X-ray free-electron lasers (XFELs) are used to create extreme matter conditions, enabling fundamental research in areas such as materials science, hot-dense-matter research and drug development. Currently, such lasers are behemoths, requiring kilometre-scale set-ups costing billions. Researchers at Strathclyde University in the UK have now put forward a new blueprint for a miniaturized XFEL based on a plasma wakefield accelerator (PWFA). The device, which would be just a few metres in size, could herald the advent of next-generation ultracompact XFELs, they say.

“FELs contain a relativistic electron beam swinging on a sinusoidal path inside an ‘undulator’ with an alternating magnetic field,” explains lead researcher Fahim Habib. “As a result of the wiggling motion, the electron beam emits bursts of photons and a positive feedback effect structures the electron beam into micro-bunches at the radiation wavelength.”

The result of this bunching is that the radiation power grows exponentially along the undulator and becomes highly coherent. However, this self-organizing effect can only occur if the electron beam is of a high quality at relativistic energies. Such high beam quality is achieved today using linear accelerators (linacs), which make the XFELs kilometres long.

Plasma-based accelerators

Plasma-based accelerators could produce such multi-gigaelectronvolt (GeV) beams on much shorter distances, of just centimetres, with beam qualities approaching those required for XFELs.

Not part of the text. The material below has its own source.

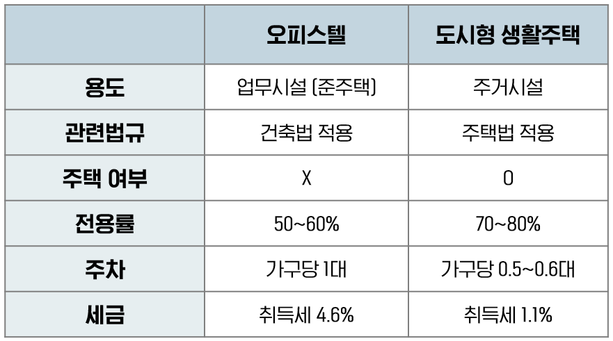 둘의 차이는 전용률과 주차 비율에서도 갈린다. 쉽게 말해 같은 면적을 사더라도 오피스텔은 공간은 좁지만 주차가 여유롭고, 도시형 생활주택은 공간은 넓지만 주차가 빠듯하다는 특징을 가진다. 이러한 점을 개선하기 위해 오피스텔과 도시형 생활주택을 혼합해서 건축하는 건물들이 늘어나고 있는데, 여기서 기적의 논리가 등장한다. 잘 살펴보면 오피스텔을 포함시켜 층을 높였지만 주차대수 기준은 도시형 생활주택에 맞춰서 사업성을 높인 건물이 은근히 많다. 그러니 오피스텔이나 도시형 생활주택을 계약할 일이 있다면 이 점을 유의 깊게 살펴보도록 하자. 그래야 손해 안 본다.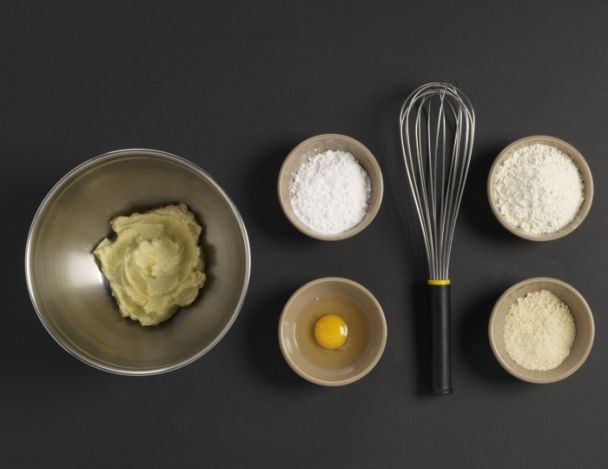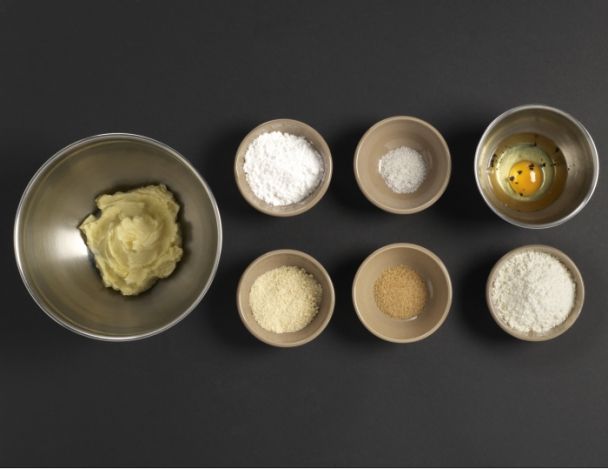 Rendre le beurre pommade. Mélanger le sucre glace avec le beurre. Ajouter les œufs et bien fouetter. Ajouter la poudre d'amande et la farine. Mélanger. Réserver.

Habib and colleagues have now shown that electron beams from plasma photocathodes may be much brighter than those produced in linacs and can be produced in a PWFA.

Wakefield accelerators operate by firing a dense beam of charged particles like electrons into a stationary plasma (essentially a gas of ionized particles). The electron beam separates negative charges (electrons) from the stationary background ions in the target creating a short trailing plasma wave. The electric field associated with this plasma wave accelerates charged particles that trail in its wake, which is where the term wakefield comes from. If a trailing bunch of charged particles is timed properly, it can surf this wave and be accelerated steeply – to kinetic energies of GeV over distances of just few centimetres. Yet, the beam quality is far from that required for XFELs

The advanced PWFA developed by Habib and colleagues is equipped with a novel electron injection method called a plasma photocathode (aka the “Trojan horse”) and can produce electron beams 100,000 times brighter than those in linacs thanks to the beams’ low momentum spread distribution.

Entire system is just a few metres in size

In their work, which is detailed in Nature Communications, the researchers studied how to extract, transport, isolate and inject the ultrahigh-brightness electron beams from the plasma photocathode PWFA into an undulator without charge and quality loss. “Focused into an undulator, the ultrahigh-quality electron beam produces powerful coherent photon pulses at Angstrom wavelengths on the fly with a pulse duration at the attosecond level,” explains Habib. “The fascinating part is that the entire system is just a few metres in size compared with state-of-the-art kilometre-size XFEL machines.”

“While there is much work ahead, our results are the first milestones towards the next-generation ultracompact XFELs. Our vision is to advance this technology to a standard tool for university-level labs or even hospitals,” Habib tells Physics World.

“The first experimental evidence for plasma photocathode injection in PWFA was obtained in our Trojan horse collaboration at our strategic partner Stanford’s SLAC FACET facility,” adds team leader Bernhard Hidding. “Now, with our programme at the successor facility, SLAC FACET-II, we aim to exploit the true potential of the scheme in terms of beam quality and stability.”